In fact, with the water being frozen eight to nine months of every year, there is very little delineation between land and water.

The ocean is our lifeblood, not only providing sustenance, but also the resources that we need to survive. It’s the main transportation corridor connecting community to community and harvesters to hunting grounds. This area is used extensively, in some cases Inuit travel hundreds of kilometers by boat or snowmobile to harvest fish, birds, seals and other marine mammals for food and clothing.

The connection between Inuit and the ocean is so strong that even our origin tales trace back to the ocean. Some of you might be familiar with the legend of Nuliayuk, also known as Sedna, the goddess of the sea. According to legends she gave birth to all the creatures in the sea. When Nuliayuk is angry, the sea is in turmoil.

This strong connection between Inuit and our environment, has fostered values of environmental stewardship. Since time immemorial Inuit have considered ourselves as stewards of the Arctic – protecting its pristine ocean and land.

In the past century, colonial policies and practices imposed on us by the Government have endangered our relationship with our environment. Forced relocation, dog slaughters, residential schools, disconnected us from our traditional values and practices. But in this time of reconciliation, we are empowering our communities and reinvigorating our traditions.  That means, we are getting back on the land.

Looking towards the future, the one I want for my children; I want them to be proud of who they are as Inuit. I want them to be surrounded by a thriving and healthy environment. And I want them to have a chance to achieve success and build careers that keep them rooted in the Inuit Nunangat.

It is true – Inuit, like any other people, want jobs, opportunities, and the potential for economic growth. But it is equally true that Inuit want to honour our legacy of protecting and preserving our homeland.

As part of these efforts we are working to build economies rooted in environmental stewardship and sustainable industries. I’m talking about industries like sustainable fisheries that not only create jobs, but also feed our communities healthy, locally harvested country food.

Creating protected areas and parks is one avenue that we are exploring to potentially achieve both goals – environmental protection and economic opportunities. 

As we speak, QIA is working with the Government of Canada to negotiate an Inuit Impact Benefit Agreement to officially establish Tallurutiup Imanga National Marine Conservation Area.

An Inuit Impact Benefit Agreement ensures that our people benefit from projects created on our land. The Agreement we are drafting is ground breaking. It includes measures for cooperative management, continuation of Inuit harvesting rights, and Inuit employment and economic benefits.

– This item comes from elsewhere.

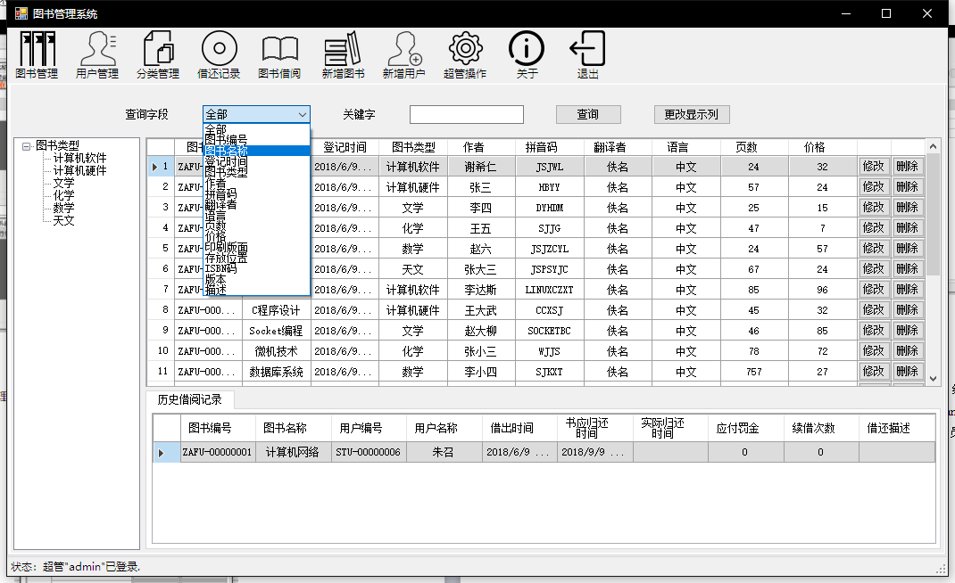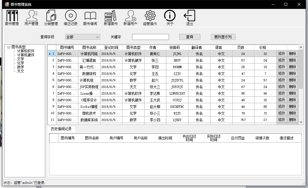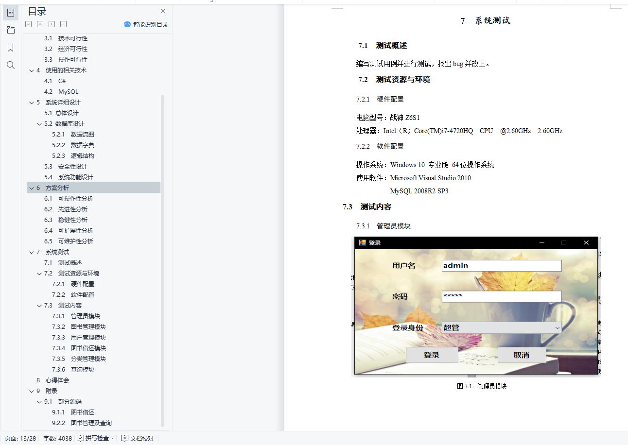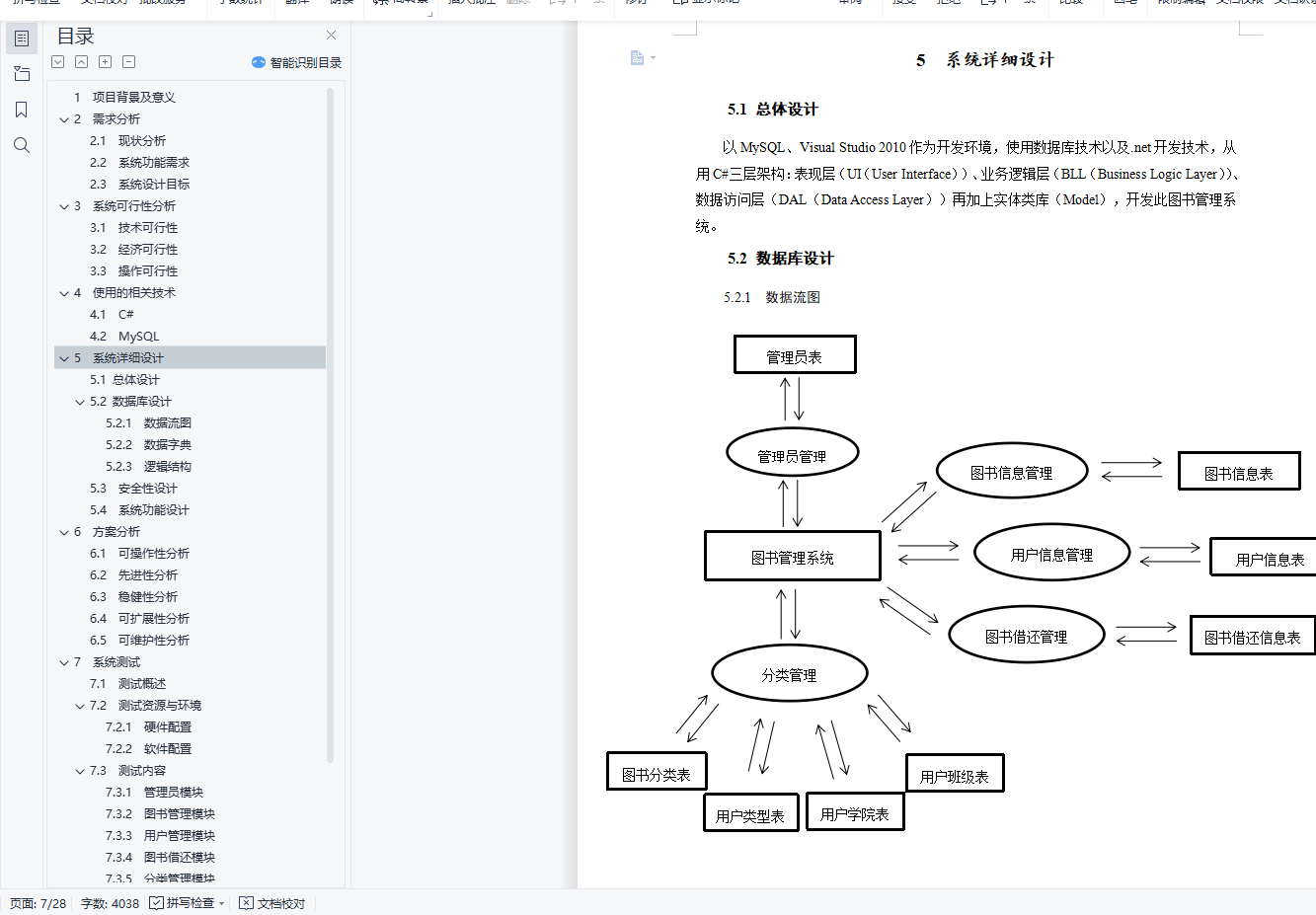 目录1 项目背景及意义 12 需求分析 12.1 现状分析 12.2 系统功能需求 12.3 系统设计目标 23 系统可行性分析 23.1 技术可行性 23.2 经济可行性 23.3 操作可行性 24 使用的相关技术 34.1 C# 34.2 MySQL 35 系统详细设计 35.1 总体设计 35.2 数据库设计 35.2.1 数据流图 35.2.2 数据字典 45.2.3 逻辑结构 65.3 安全性设计 75.4 系统功能设计 76 方案分析 86.1 可操作性分析 86.2 先进性分析 86.3 稳健性分析 86.4 可扩展性分析 86.5 可维护性分析 87 系统测试 97.1 测试概述 97.2 测试资源与环境 97.2.1 硬件配置 97.2.2 软件配置 97.3 测试内容 97.3.1 管理员模块 97.3.2 图书管理模块 107.3.3 用户管理模块 117.3.4 图书借还模块 127.3.5 分类管理模块 127.3.6 查询模块 138 心得体会 149 附录 159.1 部分源码 159.1.1 图书借还 159.2.2 图书管理及查询 18

An early benefit for the Tallurutiup Imanga Agreement is a pilot project in Arctic Bay.

In late July 2018 QIA launched our pilot program in partnership with Parks Canada. Six Inuit have been hired to manage and steward Tallurutiup Imanga. This team does everything; from monitoring sea ice conditions, to archiving cultural sites and assisting with search and rescue efforts. Their jobs are already making a huge difference.

Most of them are the sole providers in their home. Collectively, they support approximately 12 adults and 20 children. But their contributions to the community extends far beyond providing for their own families. As part of their work, they have been harvesting fish and seal to collect data on marine-life. What they have harvested, they have been sharing with the community in feasts organized to help feed the hungry.

The program formalizes Inuit roles of environmental stewardship and harvesting and builds the foundation for training, jobs, and economic opportunities for Inuit.             

We have a big job to do – our communities are counting on us to secure benefits for their future and protect the waters and ecosystem that sustains them. Canadians are counting on us to preserve the pristine Arctic environment and keep Canada a leader in environmental protection.  Working together in the spirit of reconciliation we can achieve all our goals and build the Canada we want for generations to come.